Com Agulhas

Eu gosto de escrever, de inventar uns diálogos loucos em jantares imaginários. Eu gosto de roupas, invento uns modelos e luto pra dar as luzes, partos difíceis esses, idéias. Gosto de comprar roupas e sapatos, futilidades não, estilo próprio; não sou uma fashion victim - a vida é demasiado curta pra rótulos e embalagens estragadas. Eu gosto de café, de canecas e de planos de casamento. Gosto de mim, contudo e com tudo.

Com Canetas

Eu tenho um dois à esquerda na idade, mas não acho que sou tão velha. Chamo minha gata de nenê e dou apelidos adoráveis ao meu namorado. Eu tricoto porque me acalma, produzindo, me agradam as cores das lãs. Eu amo porque não vivo no gris, amor vivo, amo pessoas e filmes e livros e bichos. Eu tenho o Heitor, já me basta de tanto amor. Eu adoro a língua francesa, adoro as idéias parisienses e as boinas e os cafés.

Aujourd'hui

Hoje, faltando nove dias, eu recebi uma carta que demorou pra chegar...
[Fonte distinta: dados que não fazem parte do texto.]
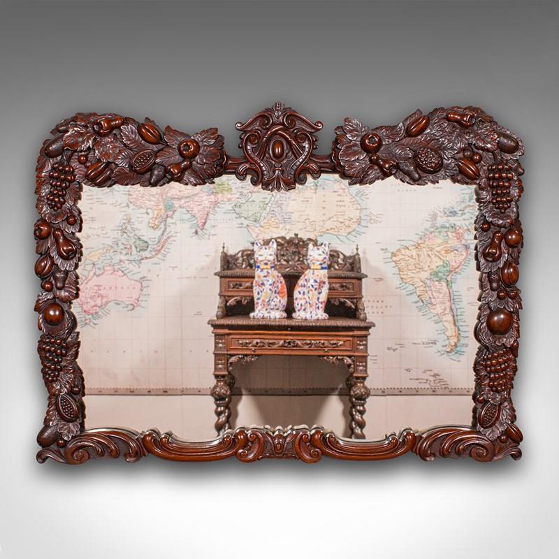 Antique Overmantle Mirror, English, Country House, Carved, Victorian, Circa 1900
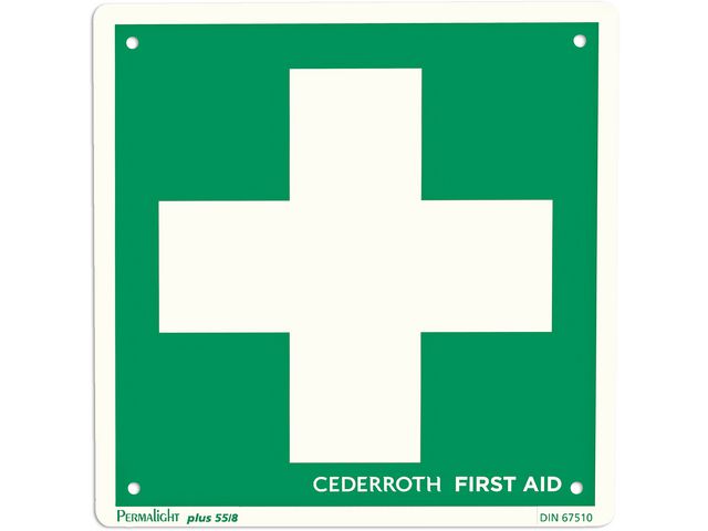 Efterlysande skyltar i hårdplast som lyser i mörkret efter uppladdning i dagsljus eller annan ljuskälla. Dubbelsidig för montering som flaggskylt eller hängande från taket. Uppfyller DIN 67510. Mått: 20 x 20 cm
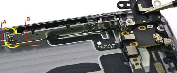 "Điều này có nghĩa là thanh kim loại được thêm vào không có khả năng hấp thụ lực tác động quá gần con ốc, bởi nó không có bất kỳ điểm trọng yếu nào khác để bám lấy, do đó nó bị xoay theo hướng lực tác động"– alleras4 cho hay. Còn đây là hình giải thích của iFixit:
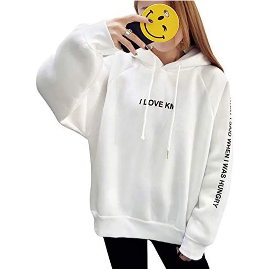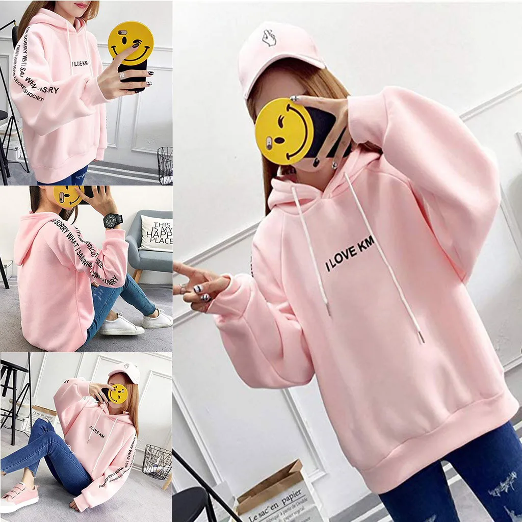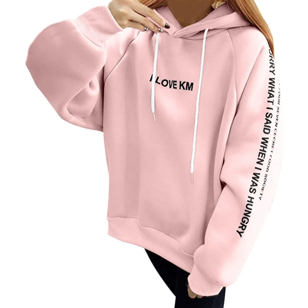 Женский Повседневный пуловер с капюшоном с длинным рукавом и буквенным принтом, свободная утолщенная блузка, толстовка с капюшоном
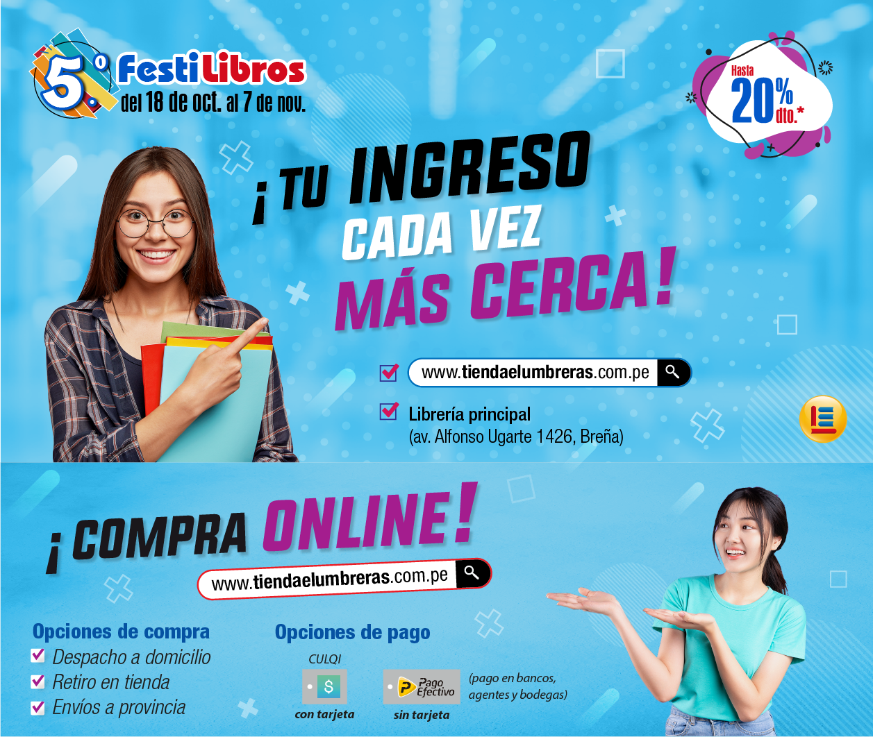 Los precios de promoción por FestiLibros son válidos para compras en tienda virtual www.tiendaelumbreras.com.pe, donde podrás elegir la opción despacho a domicilio o recojo en tienda; y de forma presencial en la librería principal, que está ubicada en av. Alfonso Ugarte 1426, Breña. Si realizas tu compra con la modalidad retiro en tienda, entonces debes tener en cuenta los siguientes horarios de atención en librerías para efectuar tu recojo, además, se debe comprar con 48 horas de anticipación como mínimo.

Fui passear no centro, estava com muita fome, e revi o único colega de quem eu realmente gostava na faculdade... Nós nos reconhecemos no meio do redemoinho, mas não paramos... Nos viramos, demos oi e sorrimos. E eu quis parar, contar coisas inúteis, saber dele.

Mas a gente sempre tem outras coisas pra fazer, talvez nunca tão essenciais quanto parar pra fazer - ou refazer - um amigo.

Dobrei uma esquina logo depois de vê-lo, turbilhão, e não pude parar de pensar nas minhas mudanças nesses quase dois anos que não o via. Senti falta da faculdade que eu poderia ter levado mais a sério, senti falta de ter conversado mais com alguns colegas. Mas não me arrependo das escolhas que eu fiz.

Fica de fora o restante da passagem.